USAF’s Predator & Reaper UAVs Details, Role in Countering Islamic State in Syria

The U.S. Air Force (USAF) revealed the details of its Predator and Reaper Unmanned Aerial Vehicles (UAVs) and their role in countering Islamic State in Syria.

U.S. pilots assigned to squadrons across the 432nd Wing (WG) and the 432nd Air Expeditionary Wing (AEW) tasked with providing close air support. Other units are tasked to provide intelligence, surveillance and reconnaissance (ISR) as needed by the coalition partners to dislodge Islamic State fighters’ Syrian city of Manbij with minimum civilian casualties.
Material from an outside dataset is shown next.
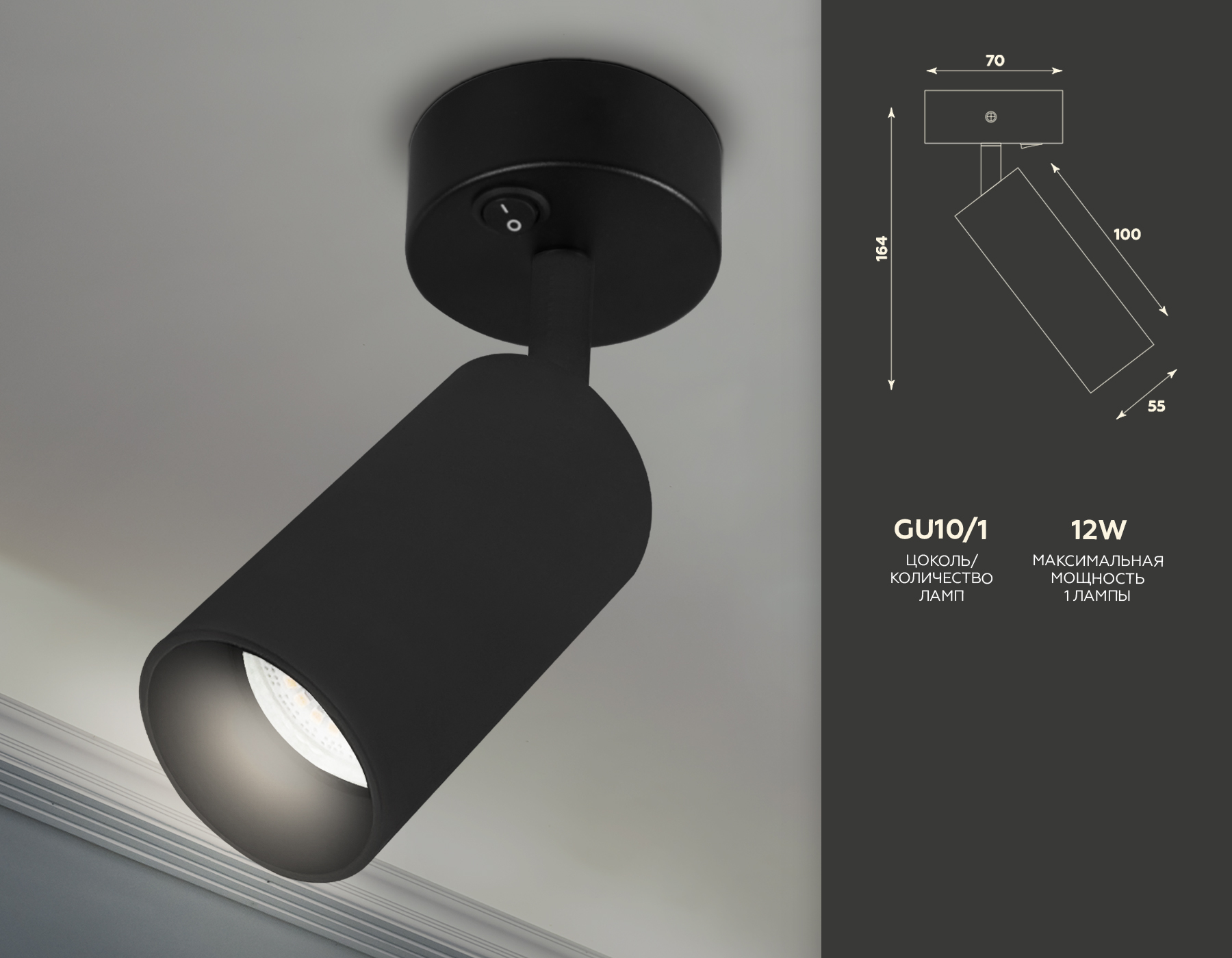 Светильник настенно-потолочный Ambrella TECHNO SPOT Move TA127 12Вт GU10 - купить в интернет-магазине Орегон с доставкой в регионы Крыма.

UAVs Brief Details/Capabilities

The Predator has a wingspan of 55 feet, is 27 feet long, 6.9 feet high and carries a payload of up to 450 pounds and has a maximum speed of 135 mph (217 km/h).

The MQ-1B Predator is equipped with the Raytheon AN/AAS-52 Multi-spectral Targeting System (MTS-A), which includes Electro-optical/Infrared (EO/IR) video cameras and laser designators.
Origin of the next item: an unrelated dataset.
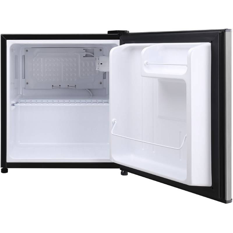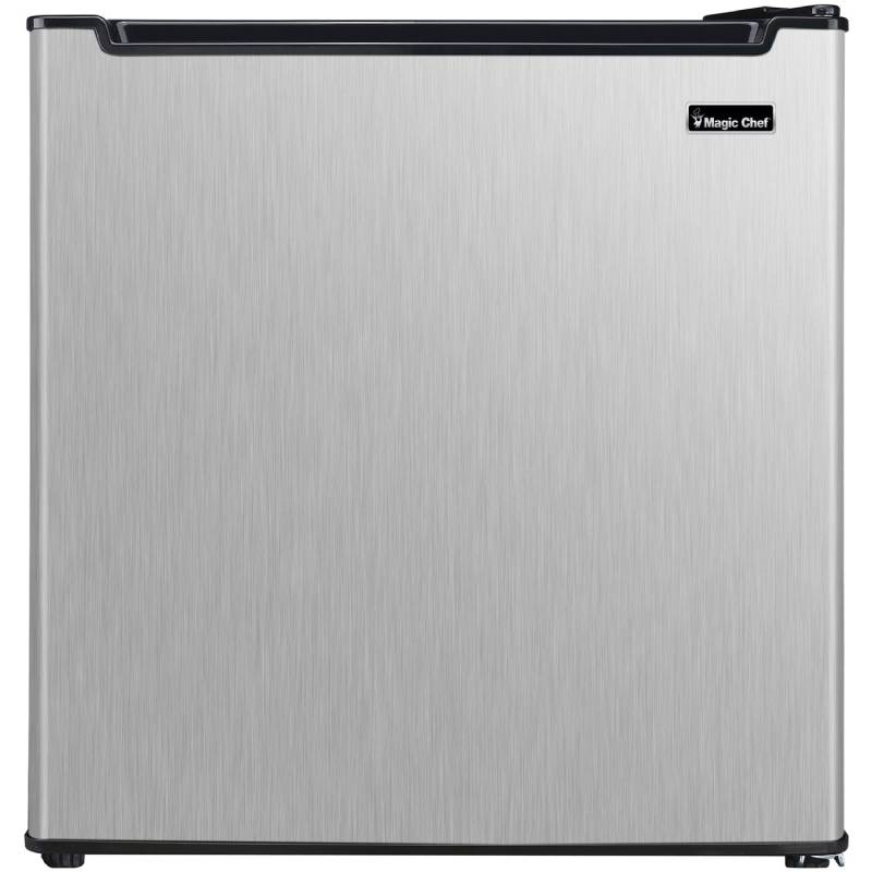 The Magic Chef MCAR170STE 1.7 CuFt. Black and Stainless Steel Mini-Fridge provides ample storage for your favorite snacks and beverages. The removable wire shelf and convenient in-door storage help keep your fresh foods organized, so you can quickly grab a late-night snack in your dorm room or find your lunch at the office. Plus, the reversible door and flush-back design provide additional flexibility in placement.

The MQ-1B carries up to two AGM-114 Hellfire missiles. In March 2011, the USAF received the last of a total of 268 Predators.
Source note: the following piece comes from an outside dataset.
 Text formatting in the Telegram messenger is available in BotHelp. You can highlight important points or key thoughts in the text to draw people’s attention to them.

The MQ–9 Reaper Extended Range (ER) is a new variant that comes with additional internal fuel capacity, a new reinforced landing gear, extended wings (13 ft increase => 79 ft wing span), and extended tail control surfaces.

U.S.  Air Force currently plans to purchase extended-range (ER) upgrade kits for nearly the entire fleet of MQ-9s. Only 38 Reapers carrying earlier ER modification kits with field-retrofittable capabilities, such as under-wing fuel pods, will not undergo the ER upgrade.

The Reaper ER has an endurance of up to 42 hours (flying without external stores). This compares to 27 hours for the baseline Reaper and 34 hours for the 38 Reapers that carry earlier field-retrofittable ER kits.